(Data extracted from a collection)
----

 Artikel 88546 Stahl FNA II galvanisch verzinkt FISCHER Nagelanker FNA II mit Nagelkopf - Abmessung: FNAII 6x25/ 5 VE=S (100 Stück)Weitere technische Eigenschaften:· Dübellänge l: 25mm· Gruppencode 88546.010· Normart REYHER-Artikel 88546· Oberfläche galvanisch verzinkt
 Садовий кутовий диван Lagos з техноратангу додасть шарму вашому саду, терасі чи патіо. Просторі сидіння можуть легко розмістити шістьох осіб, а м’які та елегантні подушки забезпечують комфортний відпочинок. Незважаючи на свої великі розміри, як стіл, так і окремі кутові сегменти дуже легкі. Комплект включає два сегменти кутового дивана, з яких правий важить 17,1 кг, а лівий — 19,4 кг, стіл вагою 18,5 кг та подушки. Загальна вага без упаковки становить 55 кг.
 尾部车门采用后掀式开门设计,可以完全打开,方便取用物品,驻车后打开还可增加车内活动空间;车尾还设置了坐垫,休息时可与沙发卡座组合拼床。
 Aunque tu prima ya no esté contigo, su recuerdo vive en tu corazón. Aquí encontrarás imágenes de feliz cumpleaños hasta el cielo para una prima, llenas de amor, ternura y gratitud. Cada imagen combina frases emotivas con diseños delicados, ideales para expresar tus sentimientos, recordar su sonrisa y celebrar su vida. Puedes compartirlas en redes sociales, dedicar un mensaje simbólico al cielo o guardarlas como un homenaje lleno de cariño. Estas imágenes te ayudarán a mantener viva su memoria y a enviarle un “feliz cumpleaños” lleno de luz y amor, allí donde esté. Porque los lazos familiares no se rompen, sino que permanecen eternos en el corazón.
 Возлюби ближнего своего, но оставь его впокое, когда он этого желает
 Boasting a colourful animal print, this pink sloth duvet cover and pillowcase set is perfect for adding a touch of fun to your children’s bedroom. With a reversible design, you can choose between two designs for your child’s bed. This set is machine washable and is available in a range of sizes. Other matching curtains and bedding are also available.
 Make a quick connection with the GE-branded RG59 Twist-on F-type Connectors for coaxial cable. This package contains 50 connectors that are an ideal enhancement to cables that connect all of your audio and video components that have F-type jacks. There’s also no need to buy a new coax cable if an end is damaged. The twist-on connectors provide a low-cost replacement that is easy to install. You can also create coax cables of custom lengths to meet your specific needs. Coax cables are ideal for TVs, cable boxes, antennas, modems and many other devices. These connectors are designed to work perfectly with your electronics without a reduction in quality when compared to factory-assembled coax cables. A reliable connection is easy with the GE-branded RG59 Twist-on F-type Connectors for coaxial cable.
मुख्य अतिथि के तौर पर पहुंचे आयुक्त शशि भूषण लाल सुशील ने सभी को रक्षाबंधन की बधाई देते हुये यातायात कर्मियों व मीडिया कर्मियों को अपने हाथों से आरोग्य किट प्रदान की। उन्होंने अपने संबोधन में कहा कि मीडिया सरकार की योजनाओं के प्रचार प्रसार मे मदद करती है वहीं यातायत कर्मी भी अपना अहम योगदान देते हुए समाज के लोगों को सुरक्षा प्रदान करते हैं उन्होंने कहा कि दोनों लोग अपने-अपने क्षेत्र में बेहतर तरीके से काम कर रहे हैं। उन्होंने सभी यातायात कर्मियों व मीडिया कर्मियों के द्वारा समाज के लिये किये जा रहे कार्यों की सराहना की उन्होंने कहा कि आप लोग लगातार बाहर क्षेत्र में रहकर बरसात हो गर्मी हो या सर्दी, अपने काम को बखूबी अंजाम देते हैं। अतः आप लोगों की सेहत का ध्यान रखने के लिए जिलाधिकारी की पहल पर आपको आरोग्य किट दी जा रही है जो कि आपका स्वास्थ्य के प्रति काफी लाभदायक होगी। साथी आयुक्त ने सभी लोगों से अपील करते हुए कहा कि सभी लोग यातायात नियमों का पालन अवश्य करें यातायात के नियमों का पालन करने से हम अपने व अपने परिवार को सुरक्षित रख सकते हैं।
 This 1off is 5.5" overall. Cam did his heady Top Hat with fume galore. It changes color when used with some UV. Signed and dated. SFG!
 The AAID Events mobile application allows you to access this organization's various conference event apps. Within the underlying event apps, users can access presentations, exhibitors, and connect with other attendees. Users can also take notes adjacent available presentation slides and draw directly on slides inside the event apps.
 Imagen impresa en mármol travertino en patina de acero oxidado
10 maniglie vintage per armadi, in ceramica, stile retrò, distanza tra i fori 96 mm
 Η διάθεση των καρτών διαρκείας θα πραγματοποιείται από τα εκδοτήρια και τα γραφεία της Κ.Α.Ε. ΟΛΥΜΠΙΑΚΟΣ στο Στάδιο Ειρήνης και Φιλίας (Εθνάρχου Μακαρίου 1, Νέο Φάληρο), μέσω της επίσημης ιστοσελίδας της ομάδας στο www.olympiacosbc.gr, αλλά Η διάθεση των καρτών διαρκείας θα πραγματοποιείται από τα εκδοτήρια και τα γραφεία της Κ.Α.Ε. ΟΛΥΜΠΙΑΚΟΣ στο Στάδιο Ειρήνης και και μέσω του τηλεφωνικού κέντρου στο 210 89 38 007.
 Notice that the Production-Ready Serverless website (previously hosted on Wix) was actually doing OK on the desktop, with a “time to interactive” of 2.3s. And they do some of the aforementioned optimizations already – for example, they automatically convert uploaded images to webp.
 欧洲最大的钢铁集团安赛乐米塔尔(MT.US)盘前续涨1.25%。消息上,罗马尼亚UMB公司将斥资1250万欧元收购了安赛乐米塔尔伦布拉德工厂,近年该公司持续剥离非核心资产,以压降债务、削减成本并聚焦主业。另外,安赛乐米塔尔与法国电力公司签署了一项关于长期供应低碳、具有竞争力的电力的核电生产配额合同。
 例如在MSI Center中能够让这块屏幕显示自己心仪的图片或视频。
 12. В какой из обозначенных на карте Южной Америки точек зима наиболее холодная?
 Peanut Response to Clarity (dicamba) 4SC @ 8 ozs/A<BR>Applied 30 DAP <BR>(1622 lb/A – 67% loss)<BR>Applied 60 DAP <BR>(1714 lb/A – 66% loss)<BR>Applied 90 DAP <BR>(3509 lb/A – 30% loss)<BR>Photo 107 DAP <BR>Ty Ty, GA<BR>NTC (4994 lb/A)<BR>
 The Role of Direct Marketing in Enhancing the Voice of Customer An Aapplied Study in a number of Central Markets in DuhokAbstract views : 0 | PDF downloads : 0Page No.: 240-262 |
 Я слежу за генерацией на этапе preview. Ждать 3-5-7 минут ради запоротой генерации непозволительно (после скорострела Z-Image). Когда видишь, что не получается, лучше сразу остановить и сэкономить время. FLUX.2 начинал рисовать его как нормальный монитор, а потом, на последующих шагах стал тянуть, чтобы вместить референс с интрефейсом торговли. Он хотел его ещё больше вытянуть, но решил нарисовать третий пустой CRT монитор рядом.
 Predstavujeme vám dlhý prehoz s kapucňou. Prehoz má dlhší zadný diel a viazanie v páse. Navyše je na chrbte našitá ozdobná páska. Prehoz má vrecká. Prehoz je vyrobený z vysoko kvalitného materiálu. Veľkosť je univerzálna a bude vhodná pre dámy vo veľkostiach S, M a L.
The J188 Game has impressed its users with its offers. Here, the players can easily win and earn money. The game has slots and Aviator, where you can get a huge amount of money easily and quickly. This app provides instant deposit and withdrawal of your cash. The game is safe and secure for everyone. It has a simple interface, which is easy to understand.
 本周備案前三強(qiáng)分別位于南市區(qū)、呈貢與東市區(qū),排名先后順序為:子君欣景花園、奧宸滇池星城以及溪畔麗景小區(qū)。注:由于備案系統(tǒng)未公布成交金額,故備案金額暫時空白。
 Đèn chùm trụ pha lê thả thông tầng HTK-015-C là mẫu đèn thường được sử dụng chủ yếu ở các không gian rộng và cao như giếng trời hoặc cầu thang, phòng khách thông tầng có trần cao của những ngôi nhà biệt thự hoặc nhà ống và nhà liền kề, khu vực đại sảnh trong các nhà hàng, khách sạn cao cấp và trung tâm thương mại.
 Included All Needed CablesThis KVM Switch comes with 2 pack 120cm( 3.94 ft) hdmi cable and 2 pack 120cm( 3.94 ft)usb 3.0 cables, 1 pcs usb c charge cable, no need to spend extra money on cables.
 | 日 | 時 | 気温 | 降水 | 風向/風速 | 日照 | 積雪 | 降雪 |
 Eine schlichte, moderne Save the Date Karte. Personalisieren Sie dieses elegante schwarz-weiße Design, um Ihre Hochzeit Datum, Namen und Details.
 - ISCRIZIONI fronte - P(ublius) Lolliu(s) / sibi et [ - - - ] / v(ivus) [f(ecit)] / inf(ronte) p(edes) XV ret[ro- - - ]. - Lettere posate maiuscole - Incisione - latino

----

What you give back should be the lines from the one with "The J188 Game" to the end of the data, copied exactly, both ends included.

◆ YOUR RESPONSE ◆
The J188 Game has impressed its users with its offers. Here, the players can easily win and earn money. The game has slots and Aviator, where you can get a huge amount of money easily and quickly. This app provides instant deposit and withdrawal of your cash. The game is safe and secure for everyone. It has a simple interface, which is easy to understand.
 本周備案前三強(qiáng)分別位于南市區(qū)、呈貢與東市區(qū),排名先后順序為:子君欣景花園、奧宸滇池星城以及溪畔麗景小區(qū)。注:由于備案系統(tǒng)未公布成交金額,故備案金額暫時空白。
 Đèn chùm trụ pha lê thả thông tầng HTK-015-C là mẫu đèn thường được sử dụng chủ yếu ở các không gian rộng và cao như giếng trời hoặc cầu thang, phòng khách thông tầng có trần cao của những ngôi nhà biệt thự hoặc nhà ống và nhà liền kề, khu vực đại sảnh trong các nhà hàng, khách sạn cao cấp và trung tâm thương mại.
 Included All Needed CablesThis KVM Switch comes with 2 pack 120cm( 3.94 ft) hdmi cable and 2 pack 120cm( 3.94 ft)usb 3.0 cables, 1 pcs usb c charge cable, no need to spend extra money on cables.
 | 日 | 時 | 気温 | 降水 | 風向/風速 | 日照 | 積雪 | 降雪 |
 Eine schlichte, moderne Save the Date Karte. Personalisieren Sie dieses elegante schwarz-weiße Design, um Ihre Hochzeit Datum, Namen und Details.
 - ISCRIZIONI fronte - P(ublius) Lolliu(s) / sibi et [ - - - ] / v(ivus) [f(ecit)] / inf(ronte) p(edes) XV ret[ro- - - ]. - Lettere posate maiuscole - Incisione - latino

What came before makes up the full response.